(Data records)
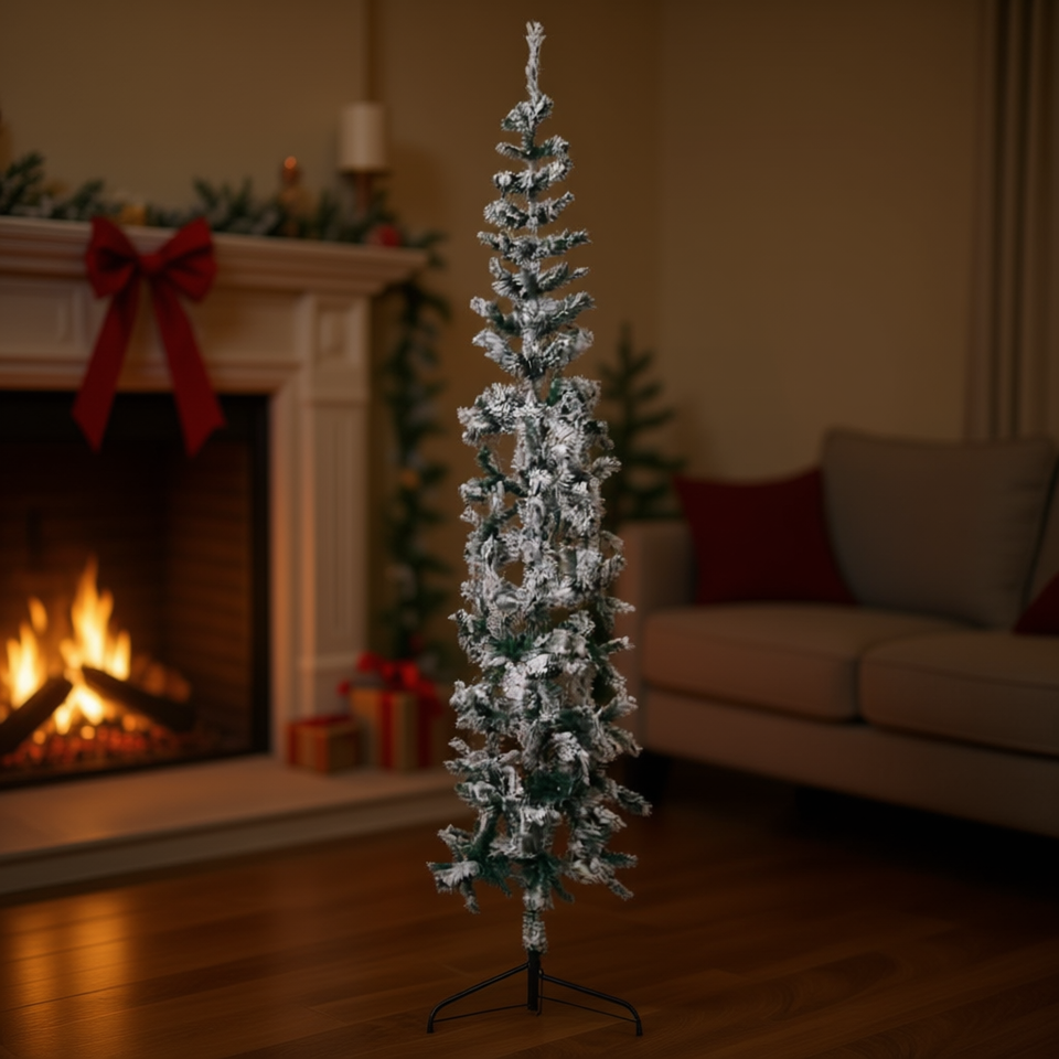 ต้นคริสต์มาสทรงเพรียวบาง D0100HXMLP8 ขนาด 8 ฟุต แบบมีหิมะประดับ ต้นพลาสติกตั้งพื้นสำหรับตกแต่งภายในบ้าน ดีไซน์สวยงามสำหรับเทศกาลวันหยุด
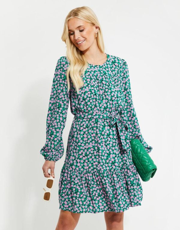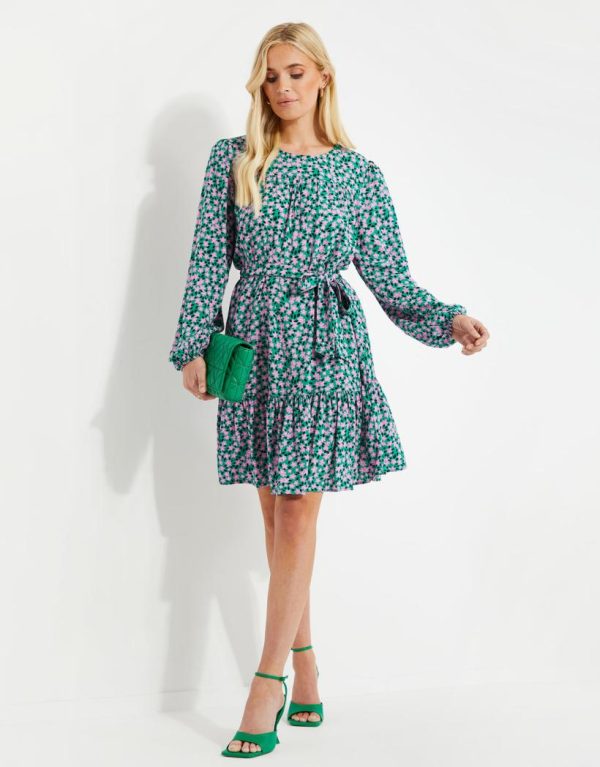 Threadbare Dresses | Women Green Floral Print Smock Dress
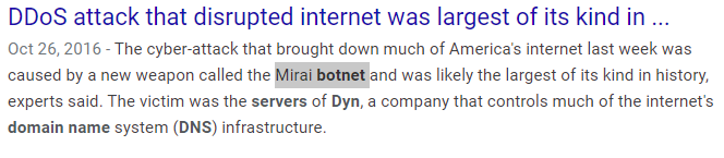 Well, that should be easy. A quick Google search or keeping up with the news gives the answer Mirai botnet.
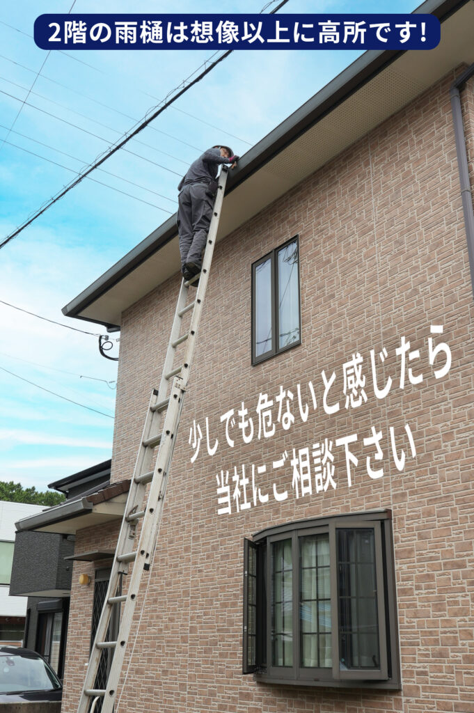 当社は雨樋修理の専門業者として、日々たくさんの現場で作業しており高所作業に精通したプロ集団です。ご自身でやられて、少しでも危ないなと感じた場合、私たちにお任せください
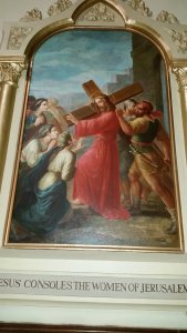 Hanging on the wall just outside her apse, a painting depicts one of the stations of the Cross – where Jesus was consoling the despairing women. He was saddled with a wooden rood, struggling to carry the instrument of his own torture. Yet his humanity extended beyond his own suffering. He was more concerned about theirs. Who among us can rise to this level of enlightenment? It’s possible, I suppose. That’s what he wanted us to see in ourselves.
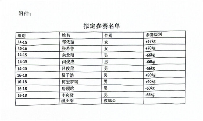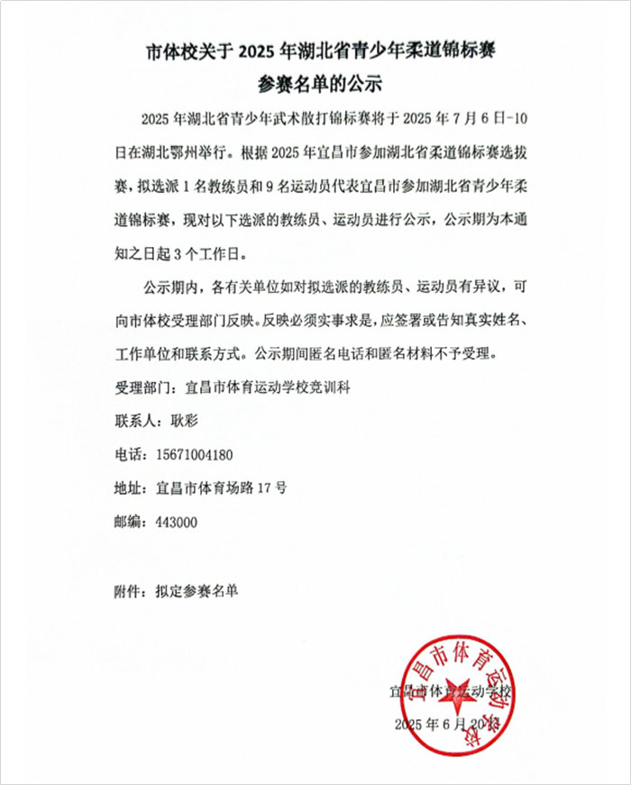 市体校关于2025年湖北省青少年柔道锦标赛参赛名单的公示
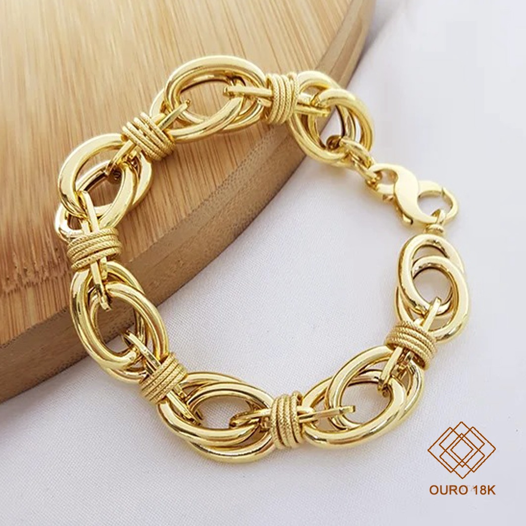 A pulseira em ouro 18k confere elegância e qualidade às suas produções. Um design clássico e atemporal, repleto de elegantes acabamentos e texturas. Com estrutura luxuosa é a pulseira perfeita para você que ama joias volumosas e vistosas!
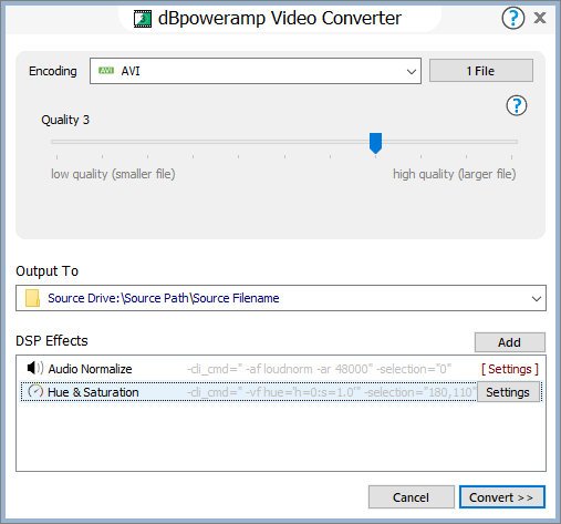 Эффекты DSPОбработка видео и звука с помощью эффектов, таких как масштабирование или шумоподавитель. DBpoweramp - это полнофункциональный видео конвертер.
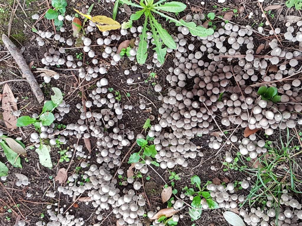 Ho fotografato nel parco di Villa Flaminia in Roma, questi piccoli funghetti dal colore bianco-grigio, del diametro di circa un cm, che crescono fitti fitti e sono friabilissimi. Desidererei la loro determinazione. Grazie
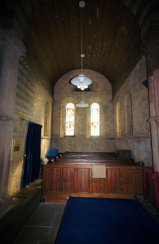 The builders, Cory & Ferguson, opted for a neo-Norman church built on a cruciform plan - that is, with a central tower and two transepts - and with an apsidal chancel. There are none of the decorative flights of fancy so beloved of the Norman builders: this church has an austere, almost Methodist, feel to it. The exterior is faced with stone but the interior is all of brick, giving a somewhat “industrial” feel to it. If you were to be dropped into it you might guess it to be located in Birmingham or Manchester rather than in rural Cumbria. Pevsner says pithily: “…all competently and dispassionately done”.
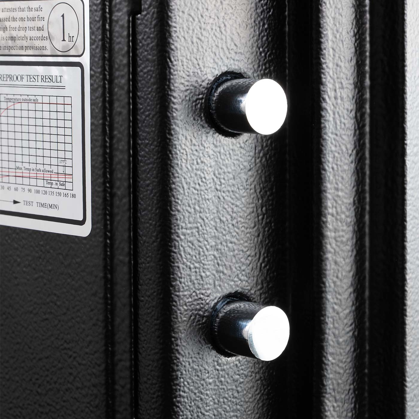 - 4-cijferige numerieke code- Stalen deur met dubbel grendelslot- 2 sterke stalen grendels (1,6 cm)- Dubbele beveiliging dankzij slot en code- Inclusief twee reservesleutels- Brandbeveiliging tot een uur volgens de Amerikaanse brandbeveiligingsnorm UL 72 - Vertrouw op de stalen deur met dubbele gren...
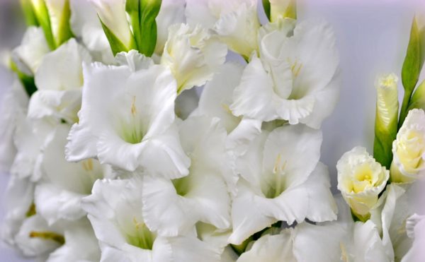 - Бял гладиол. Те са напълно бели и с разнообразни импрегнации, пъстри. Най-популярните сортове са московски бял камък, бяла бреза, Асол, планинска пепел в снега. Още от имената става ясно, че разновидностите на руската селекция. Първите две имена са чисто бели цветя с мощни, плътни, силно гофрирани съцветия. Следните две разновидности са чудесни за рязане. На снежнобялите венчелистчета имат тъмночервени петна.
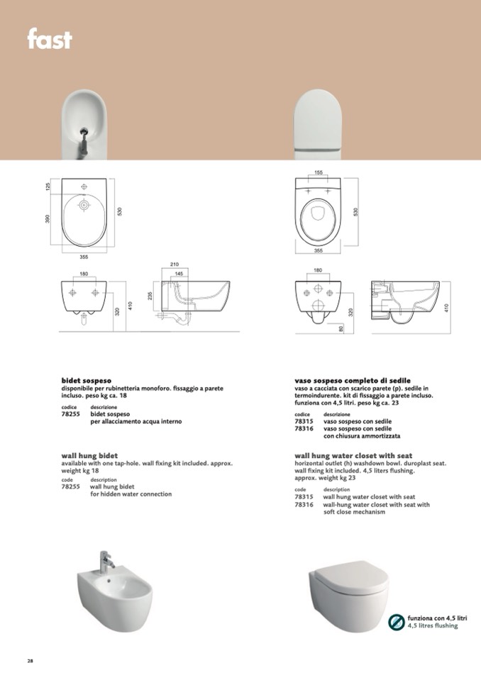 wall fixing kit included. 4,5 liters flushing.
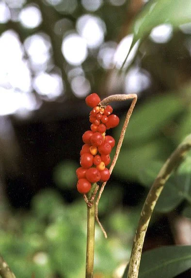 Fruiting part of infructescence 7 cm long, 2 cm diam., cylindric; berries subglobose, 0.8 cm long, 0.8-1 cm diam., bright red, 1- or 2-seeded; seeds subhemispheric, to 0.8 mm diam., and 0.6 mm thick, greyish black, with whitish dots, raphe short, irregular.
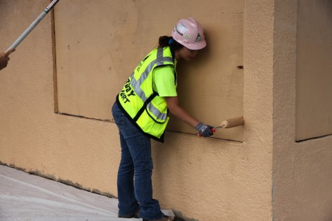 Elizabeth Tang pictured rolling on the finishing touches (almost done!).
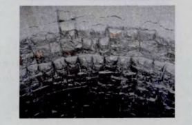 氣化爐緊急停車或發生操作故障時,爐溫急劇變化,也是向火面磚產生裂紋的主要原因,這可能導致由于熱應力而引起向火面磚出現大面積剝落,厚度可達5~30mm不等(見圖4)。隨著裂紋的產生和爐渣的滲透,在耐火材料表面形成滲透層,由于滲透層在膨脹系數等諸多理化性能與原耐火材料存在差異,在渣滲透帶和未滲透層之間也形成應力,隨著溫度的變化,會出現整體剝落。
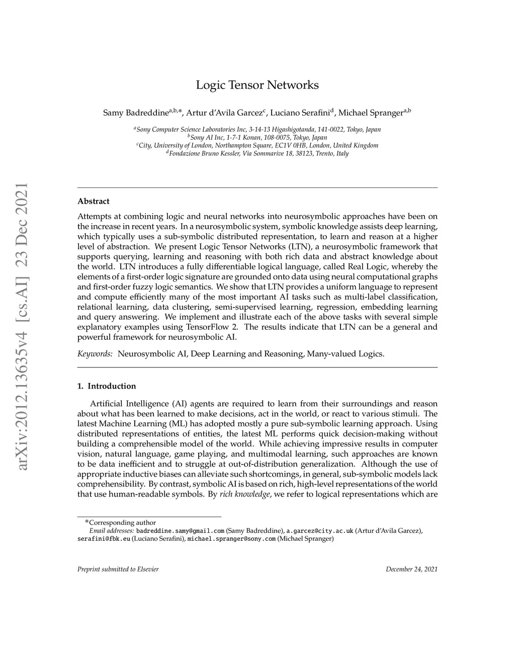 Artificial Intelligence agents are required to learn from their surroundings and to reason about the knowledge that has been learned in order to make decisions. While state-of-the-art learning from data typically uses sub-symbolic distributed representations, reasoning is normally useful at a higher level of abstraction with the use of a first-order logic language for knowledge representation. As a result, attempts at combining symbolic AI and neural computation into neural-symbolic systems have been on the increase. In this paper, we present Logic Tensor Networks (LTN), a neurosymbolic formalism and computational model that supports learning and reasoning through the introduction of a many-valued, end-to-end differentiable first-order logic called Real Logic as a representation language for deep learning. We show that LTN provides a uniform language for the specification and the computation of several AI tasks such as data clustering, multi-label classification, relational learning, query answering, semi-supervised learning, regression and embedding learning. We implement and illustrate each of the above tasks with a number of simple explanatory examples using TensorFlow 2. Keywords: Neurosymbolic AI, Deep Learning and Reasoning, Many-valued Logic.

**About this task**
What you write out is the stretch of entries from the line containing "- Бял гладиол." to the line containing "wall fixing kit", word for word, with both end lines and no pictures.

**Exercise answer**
 - Бял гладиол. Те са напълно бели и с разнообразни импрегнации, пъстри. Най-популярните сортове са московски бял камък, бяла бреза, Асол, планинска пепел в снега. Още от имената става ясно, че разновидностите на руската селекция. Първите две имена са чисто бели цветя с мощни, плътни, силно гофрирани съцветия. Следните две разновидности са чудесни за рязане. На снежнобялите венчелистчета имат тъмночервени петна.
 wall fixing kit included. 4,5 liters flushing.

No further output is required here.